Project A: Augmented Reality

Raw Video Input

The algorithm can receive any style of video as import, but I opted to use 1920x1080 60fps video to balance runtimes and quality. The more frames that are recorded, the smaller the amount of motion between successive frames, and thus the trackers can be more accurate. I used 2 different videos to showcase the algorithm in various conditions.

Corner Table:

Kitchen:

Initialize Point Correspondences

Next, we give the algorithm access to the real dimensions of the calibrating box, so that we can accurately define measurements such as '10 cm away' when drawing the scene. In the grand scheme of things, this isn't super necessary, but we do need some sort of 3D coordinates in the scene, so might as well make those be accurate in 'real life' measurements. We draw correspondences between these 3D points and the 2D screen points that we will use in the next step to initialize our trackers.

Initialize Point Trackers

Now we initialize our trackers in order to track each of the 3D coordinates in 2D screen space. We define a bounding box for each tracker. After much testing, with the amount of movement in the corner_table video, I used a kernel size of 21x21 px, while for the kitchen video I used a kernel size of 31x31. After trying every reasonable point tracking algorithm, I came to the conclusion that the MedianFlow algorithm provided the best results since it is very cognizant of when it fails and it does not drift as much as KCF or Mosse. Here are our initial frame point trackers and bounding boxes:

Corner Table:

init frame trackers corner table

Kitchen:

init frame trackers kitchen

Run Tracking

I then ran the individual screen space trackers for each frame in the video. I implemented error checking that, in the event that a tracker failed, that tracker would get automatically disabled and the occurrence would be logged. Before calculating each frame, the algorithm would check to confirm that all the remaining points were not planar. I made this configurable in the config as well. If the algorithm did not finish and the remaining points were planar, then the algorithm would cut the video short, but still finish with the valid data it had collected.

Corner Table:

Kitchen:

Calculate Camera Homographies

Now with our 2D screen space coordinates for each frame matched to the static 3D points, the algorithm goes frame by frame to calculate a homography matrix from the 3D world coordinates to the 2D screen space coordinates.
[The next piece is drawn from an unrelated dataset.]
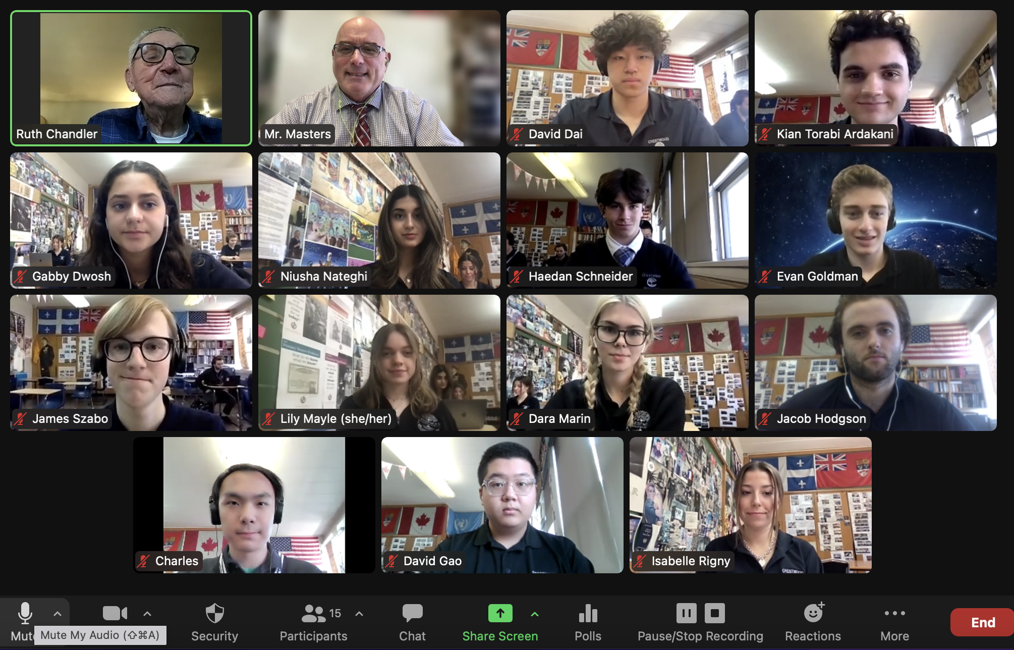 Leland Chandler was born on January 3, 1923 in Table Grove, Illinois. He grew up in a rural area, working the family farm and attending the local schools, swimming at the local river and playing ball when he was able. Leland grew up in the tough times of the 1930s, but he remembers the people in the community helping one another – they were all in the same boat afterall. Leland opted to join the military when he saw a friend of his wearing an army great coat: he did get that uniform and the coat, but he soon shipped to California and then the Philippines, where the winter uniform was not needed! He arrived in April 1941, and it was at the end of that year – December 7, 1941 – that the Japanese attacked Pearl Harbor, plunging the U.S. into the war. Leland was stationed at Corregidor when that happened and he and his fellow American and Filipino soldiers managed to hold off the Japanese for a few months, but they were outnumbered and ultimately forced to surrender, at which time Leland became a prisoner of the Japanese. He was held in the Philippines at first, and was later put on one of the infamous “hell ships” and sent to Formosa and ultimately onto Osaka, where he became a forced laborer at the Yodogawa Steel Works. The treatment was brutal, and Leland was reduced to a number – 385. He struggled to survive there for the next 31/2 years; Leland made it, but most of his fellow prisoners did not. Liberation finally came, and Leland returned to the U.S. via Hawaii. Six months of recovery in the hospital would follow, and the readjustment and nightmares continued after that. Leland married and started his family with his wife Ruth, and he became a firefighter and served his community, even managing to find forgiveness in his heart as he fell into the rhythms of postwar American life. Leland Chandler was interviewed via zoom in April 2022 by Mr. Masters’ Grade 12 History class.

This process was done using a custom implementation of least squares since NumPy and SciPy least squares function defaults to the trivial solution when solving homogenous systems.

Render Cube onto Frames

Now, armed with the camera 3D -> 2D homography for each frame, we computed the cube's desired 3D points, and then for each frame, applied the frame's homography, shaded in the lines and faces desired by using the 2D coordinates, and rendered the frame using FFmpeg.

Corner Table:

Kitchen:

 

 

 


 

 

 

Project B: Seam Carving for Content-Aware Resizing

Algorithm Overview

Calculate Energy Function

The energy function defines what the most 'important' parts of the image are. Essentially, the minimums of the energy function are the parts of the image that could be least noticeably removed. I decided to calculate this function efficiently by convolving the image with a form of a partial derivative filter. After trying many different filters, I settled on the Sobel filter, since it prioritizes weighing pixels that will be next to each other if said pixel is removed, but still takes into account all adjacent pixels.

Calculate Minimum Seam

To find the minimum seam, I employed bottom-up dynamic programming to efficiently search for the minimum weighted seam, based on the energy function. After finding the index of the top-most pixel of the minimum seam, I wrote a backtracking function that finds the rest of the seam in linear time. I further optimized the DP approach by using NumPy array commands, so that the algorithm runs in ~linear time instead of quadratic time.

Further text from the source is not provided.